An gleicher Stelle finden Sie dort auch eine Sonderausgabe, die sich mit den wichtigsten neuesten Daten und Fakten in kommentierter Form an alle Paare mit einer ungewollten Kinderlosigkeit, an alle Paare, die aktuell in Kinderwunschbehandlung sind und auch allgemein an die interessierte Öffentlichkeit richtet.

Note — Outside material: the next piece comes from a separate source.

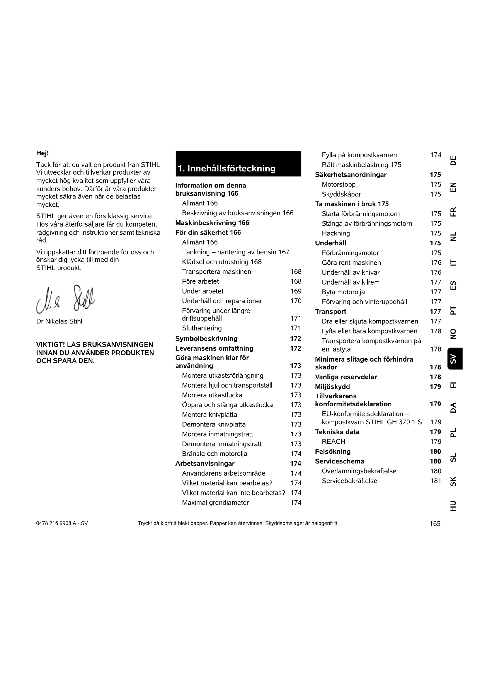 Information om denna bruksanvisning 166 Allmänt 166 Beskrivning av bruksanvisningen 166 Maskinbeskrivning 166 För din säkerhet 166 Allmänt 166 Tankning – hantering av bensin 167 Klädsel och utrustning 168 Transportera maskinen 168 Före arbetet 168 Under arbetet 169 Underhåll och reparationer 170 Förvaring under längre driftsuppehåll 171 Sluthantering 171 Symbolbeskrivning 172 Leveransens omfattning 172 Göra maskinen klar för användning 173 Montera utkastsförlängning 173 Montera hjul och transportställ 173 Montera utkastlucka 173 Öppna och stänga utkastlucka 173 Montera knivplatta 173 Demontera knivplatta 173 Montera inmatningstratt 173 Demontera inmatningstratt 173 Bränsle och motorolja 174 Arbetsanvisningar 174 Användarens arbetsområde 174 Vilket material kan bearbetas? 174 Vilket material kan inte bearbetas? 174 Maximal grendiameter 174 Fylla på kompostkvarnen 174 Rätt maskinbelastning 175 Säkerhetsanordningar 175 Motorstopp 175 Skyddskåpor 175 Ta maskinen i bruk 175 Starta förbränningsmotorn 175 Stänga av förbränningsmotorn 175 Hackning 175 Underhåll 175 Förbränningsmotor 175 Göra rent maskinen 176 Underhåll av knivar 176 Underhåll av kilrem 177 Byta motorolja 177 Förvaring och vinteruppehåll 177 Transport 177 Dra eller skjuta kompostkvarnen 177 Lyfta eller bära kompostkvarnen 178 Transportera kompostkvarnen på en lastyta 178 Minimera slitage och förhindra skador 178 Vanliga reservdelar 178 Miljöskydd 179 Tillverkarens konformitetsdeklaration 179 EU-konformitetsdeklaration – kompostkvarn STIHL GH 370.1 S 179 Tekniska data 179 REACH 179 Felsökning 180 Serviceschema 180 Överlämningsbekräftelse 180 Servicebekräftelse 1810478 216 9908 A - SV

Prof. Dr. med. Jan-Steffen-Krüssel
Prof. Dr. med. Jan-Steffen-Krüssel **

Prof. Dr. med. Jan-S. Krüssel ist ein langjährig erfahrener und einer der erfolgreichsten Reproduktionsmediziner in Deutschland. Er leitet das interdisziplinäre Kinderwunschzentrum an der Frauenklinik des Universitätsklinikums Düsseldorf (kurz: UniKiD) und berichtet hier über die grundlegende Fragen und Antworten zu Gründen und Behandlungsmöglichkeiten bei einer ungewollten Kinderlosigkeit / einem unerfüllten Kinderwunsch. Prof. Dr. med. Jan-S. Krüssel war Präsident der Deutschen Gesellschaft für Reproduktionsmedizin, ist Vorstandsmitglied des Deutschen IVF-Registers sowie Vorstand der Arbeitsgemeinschaft universitärer reproduktionsmedizinischer Zentren und Mitglied des Wissenschaftlichen Beirats der Bundesärztekammer für das Fachgebiet Gynäkologie/Reproduktionsmedizin.

Das UniKiD ist das interdisziplinäre Kinderwunschzentrum an der Frauenklinik des Universitätsklinikums Düsseldorf. Heute werden dort jährlich ca. 2.000 Behandlungen durchgeführt – und damit ist das UniKiD das größte universitäre Kinderwunschzentrum in Deutschland.